Da quando raggiunsi l’adolescenza, con i suoi deplorevoli rigori, rifiutai qualunque contatto fisico sia con mio padre sia con mia madre. Non mi piaceva toccarli. Non è che non mi piacesse, non era quello. Il fatto era che non avevamo creato quella tradizione. Non avevamo forgiato quel rituale. Davo loro a stento due baci formali. Tanto meno avrei toccato mio padre quando stava morendo. Ho già detto che siamo stati una famiglia strana; «disfunzionale», si direbbe adesso. Non credo che questo fosse un bene né un male.
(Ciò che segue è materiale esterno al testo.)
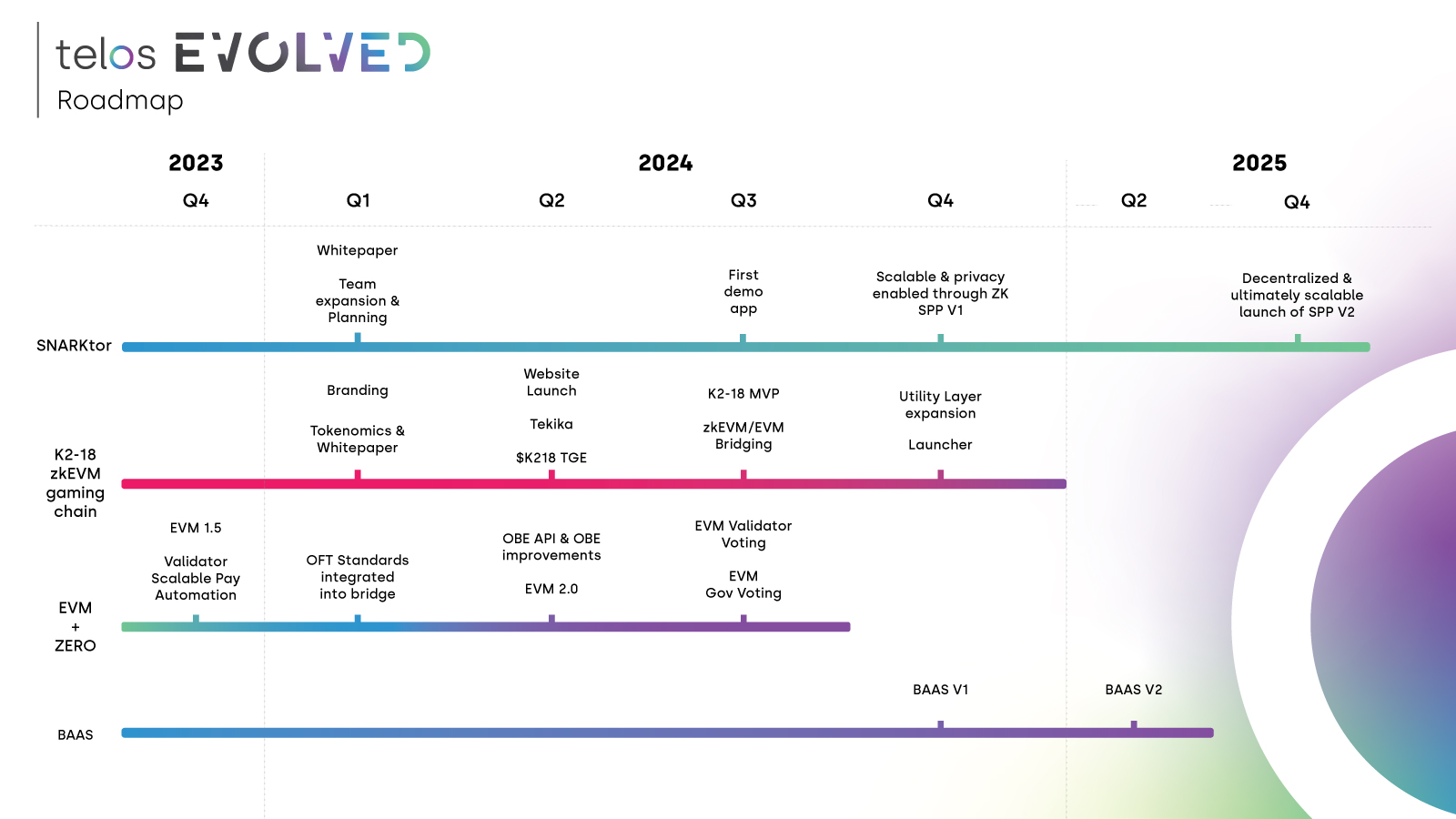 The team launched the Telos EVM in late 2021 to enhance compatibility with existing applications, tooling and networks, which then paved the way for Telos’s transition into a true Layer 0 network enabling the creation of new blockchains that utilise Telos Zero Consensus.
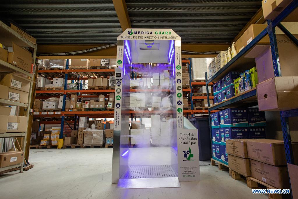 Photo taken on April 21, 2021 shows a disinfection tunnel offered by First Distribution Soveclat (FDS), specialized in hygiene products, in Sartrouville, near Paris, France. (Photo by Aurelien Morissard/Xinhua)

Mio padre non era nemmeno andato al funerale di sua madre, mia nonna, e non aveva fatto neanche una telefonata. E mia madre si occupò di minare il rapporto di mio padre con i suoi fratelli, ma non importa. Mio padre diceva che mia madre gli nascondeva le carte. Il modo di mia madre di rassettare la casa era gettare nella spazzatura tutte le carte che vedeva.
Ricordo mio padre dare testate contro uno scaffale perché non trovava il duplicato di un contratto di vendita che aveva fatto. Alzavano spesso la voce, ma non si insultavano mai. Mio padre non insultò mai mia madre, mai. Semplicemente si arrabbiava e si disperava e prendeva a pugni le cose, era quella la sua ira. Da allora, ogni volta che passavo accanto allo scaffale lo guardavo con intensità: il posto contro cui mio padre aveva dato testate. E naturalmente il giorno in cui smontai casa, quando morì mia madre, rimasi a guardare l’asse dello scaffale e lo accarezzai per l’ultima volta. Non era neanche un’asse di legno nobile. Doveva essere di laminato o sintetico. Avevo sempre pensato che fosse di legno, invece no, non lo era.
Avevo dimenticato quelle urla. Ero piccolo, molto piccolo, ero quasi microscopico, ma la mia fragile intelligenza si attivava e fabbricava una minuscola domanda: perché mia madre non lasciava stare le carte di mio padre?
Mia madre era cieca, era quello l’unico motivo. Però era una cecità selettiva. Mia madre non capiva l’importanza delle carte. Gettava via tutto. Non conservava nulla. A me gettava via i fumetti. A mio padre le carte. Mi compravo un fumetto e dopo una settimana l’aveva fatto sparire. Ma se l’hai già letto a cosa ti serve, diceva. Voleva gettare via anche i libri, ma scoprì di non avere abbastanza statuette e ninnoli da quattro soldi da mettere sugli scaffali e decise di dargli un’opportunità. Così si salvarono i libri.
Ma non è un rimprovero. Le persone sono come sono, e basta. E quando sono morte tutte non importa più nulla, perché tutti i morti sono stati grandi uomini e grandi donne; la morte ha dato loro un significato finale degno e appropriato.
Perché non contano la vita sociale e quella famigliare e la vita lavorativa e la vita sentimentale, sono un’invenzione che si scopre con la morte. Perciò scrivo così. Perché in qualunque vita ci sono milioni di errori che costituiscono la vita stessa. Gli errori si ripetono di continuo. L’infedeltà si ripete e si ripete il tradimento. Si ripete la menzogna. E non risulta da nessuna parte il registro delle ripetizioni. Raccontare quello che mi è successo va bene, è un buon lavoro. Provare a raccontare quello che mi è successo, intendo. Forse per questo la contemplazione delle fotografie di famiglia mi brucia dentro, perché la fotografia rappresenta ciò che abbiamo visto alla luce del sole; ciò che è stato sotto il sole e così come la luce ha modellato la vita degli uomini e delle donne; per questo la fotografia è così perturbante, è la cosa più perturbante che esista: siamo stati capaci di mettere la luce dentro un foglio di carta; i miei genitori sono stati illuminati dalla luce del sole e quella luce si conserva ancora in quei fogli incartapecoriti, in quei ritratti consunti.
La luce, che è stata condannata a discendere dal sole e ha finito per combattere contro i corpi umani, qui nella vita.
Le foto dei miei genitori, ostinatamente, affermano che una volta sono stati vivi. Quel loro remoto ricordo è più importante del capitalismo presente, della generazione universale di ricchezza.